In order to make those skilled in the art better understand the technical solutions in the present specification, the technical solutions in the embodiments of the present specification will be clearly and completely described below with reference to the drawings in the embodiments of the present specification, and it is obvious that the described embodiments are only a part of the embodiments of the present specification, and not all of the embodiments. All other embodiments obtained by a person of ordinary skill in the art based on the embodiments in the present specification without any creative effort shall fall within the protection scope of the present specification.

Example one

As shown in fig. 1A and fig. 1B, an execution subject of the method may be a server, and the server may be an independent server, or a server cluster composed of a plurality of servers. The method specifically comprises the following steps:

in S102, first drawing structure data to be clipped is acquired.

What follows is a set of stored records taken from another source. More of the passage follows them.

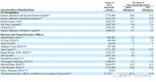 IPO前,Versant Venture Capital持股为18%, Polaris Partners持股为15.1%,Roche Finance Ltd持股为14.5%;
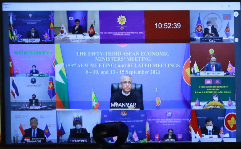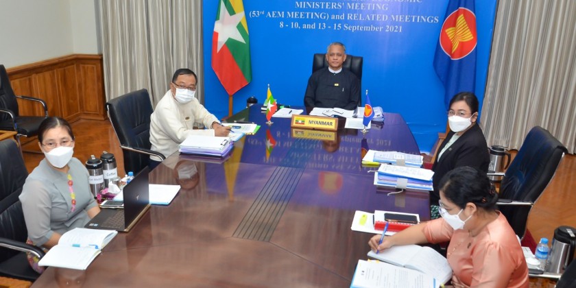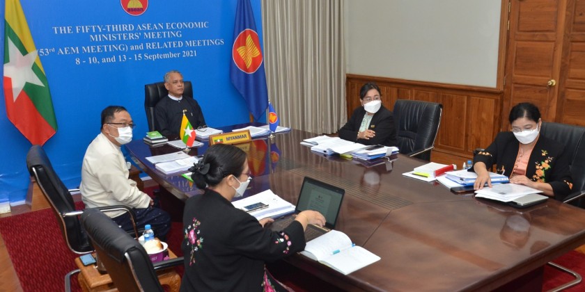 Union Minister for Investment and Foreign Economic Relations, U Aung Naing Oo participated in the 20th AEM-MOFCOM Consultations, 18th AEM-ROK Consultations, 13th Mekong-Japan Economic Ministers’ Meeting, AEM Troika Open-ended Dialogue with Switzerland Trade Minister and 24th AEM-Plus Three Consultations which were held via videoconferencing started at 7:00 am from the Ministry of Investment and Foreign Economic Relations, Nay Pyi Taw.
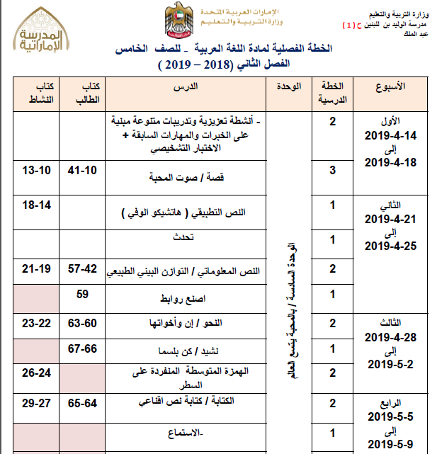 الخطة الفصلية لمادة اللغة العربية الصف الخامس الفصل الثالث لتحميل الملف PDF اضغط هنا وتابع
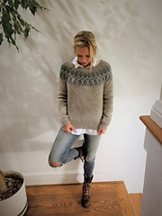 Humulus is worked seamlessly from the top down. First some Short Rows are worked back and forth to create a higher back neck and then the round- yoke is worked top down to sleeve separation. Some last short-rows are worked to finish the yoke shaping right before
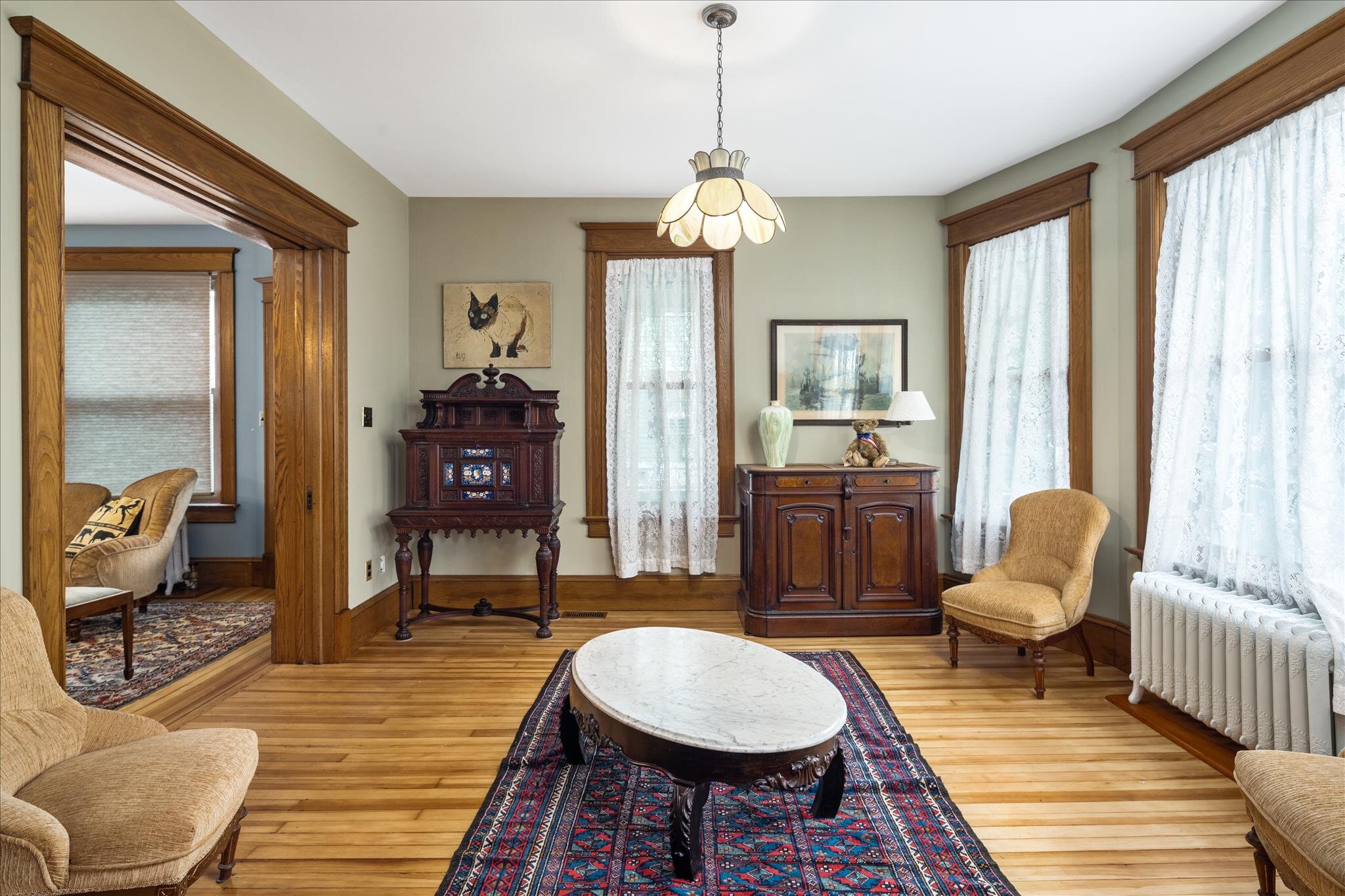 A grand Hightstown home. Live in the luxury and detail of 1895, with all the comforts of 2021. Walk to downtown from this restored Victorian with a double parlor, pocket door and both a main and a back staircase. Original woodwork and floors , meticulously refinished. Premium walnut kitchen with center island, and wood burning fireplace. Extra large main bath, with Turkish tile and soaking tub. Third floor full bath has clawfoot tub and mosaics. Powder room off kitchen. Columned interior with pocket doors between front and back parlors. Extra large windows. Wrap around porch has two stairs and two doors. The third floor has been refinished for use as an office, playroom entertainment center or all of the above. Custom Mahogany handrail and engineered hardwood flooring. under a soaring ceiling. The bath with mosaics and clawfoot tub overlooks the extensive backyard. Situated on 1/3 of an acre with soaring oaks trees. Spray foam insulation, two-zone air conditioning with heat pumps. Steam furnace supplies restored Victorian radiators. All electric and plumbing replaced 2016/17. Mature yard with towering oak trees, peach trees, blueberries and strawberries. Flowering bulbs, shrubs and bushes provide color all season. and holly tree provides winter cheer. Low stone walls and wisteria gazebo. Kitchen garden off back porch. Five Bay Barn is 2 1/2 stories. Plenty of Parking and Storage.

The first graph structure data may be constructed based on human-computer interaction data having a preset corresponding relationship with a target user, the server may receive the first graph structure data transmitted by any transmitting device (e.g., a mobile terminal device such as a mobile phone or a tablet computer, a terminal device such as a personal computer, or a server), the first graph structure data may be any graph structure data constructed based on human-computer interaction data having a preset corresponding relationship with the target user by the transmitting device, for example, the first graph structure data may be any graph data capable of representing nodes and node association relationships such as a knowledge graph, a node in the first graph structure data may be used to represent an entity or a concept, an edge between nodes may be used to represent a semantic relationship between an entity and/or a concept, for example, when the target user makes a click behavior while browsing a page, it may be considered that an interaction between the target user and a content block of the page occurs, that the target user and the content block of the page may be used as a node in the first graph structure data, and an edge between the two nodes may be used to represent a fine-computer interaction data interaction characteristic that the first graph structure data has a preset corresponding relationship with the target user.

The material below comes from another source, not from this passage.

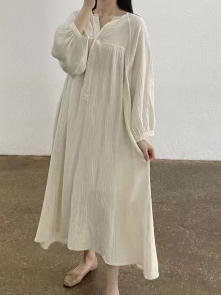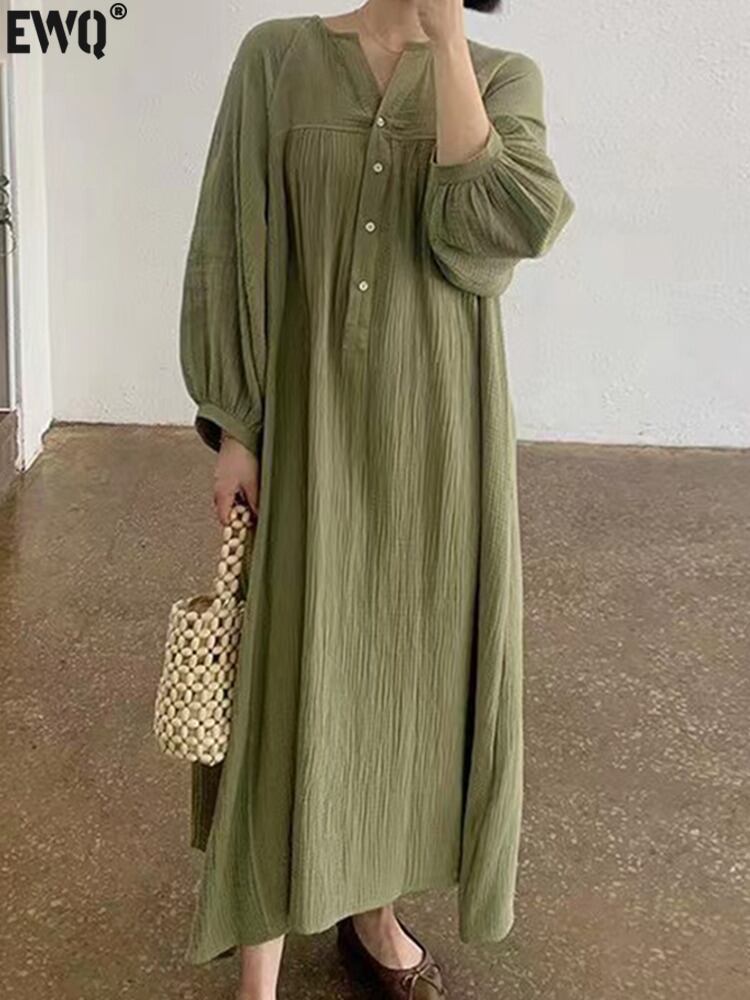 [EWQ] シングルブレストドレスパフスリーブ無地ルーズ因果マキシドレス春夏潮 Vestido スプリング 春物 サマー 夏物 ソリッドカラー

In implementation, with the rapid development of computer technology, various industries face the problem of big data processing, how to extract valuable information from big data, support increasingly complex business requirements, and are the problems to be solved urgently, and graph structure data can be used for solving the big data problems such as text semantic similarity, similar commodity recommendation or intelligent question and answer systems because the graph structure data can describe knowledge resources and carriers thereof by using a visualization technology. Because the complete graph data may include a large amount of redundant data, the graph data needs to be cut to process the big data problem by combining the cut graph data, for example, the complete graph data may be cut in a manner of cutting k-order neighbor subgraphs, so as to obtain the cut graph data. However, because the nodes useful for the big data problem may not be effectively selected by cutting in the k-order neighbor subgraphs, that is, the cut graph structure data may not be accurately used for processing the big data problem, thereby causing the problems of poor cutting effect of the graph data, poor data processing accuracy and the like. Therefore, the embodiments of the present disclosure provide a technical solution that can solve the above problems, and refer to the following specifically.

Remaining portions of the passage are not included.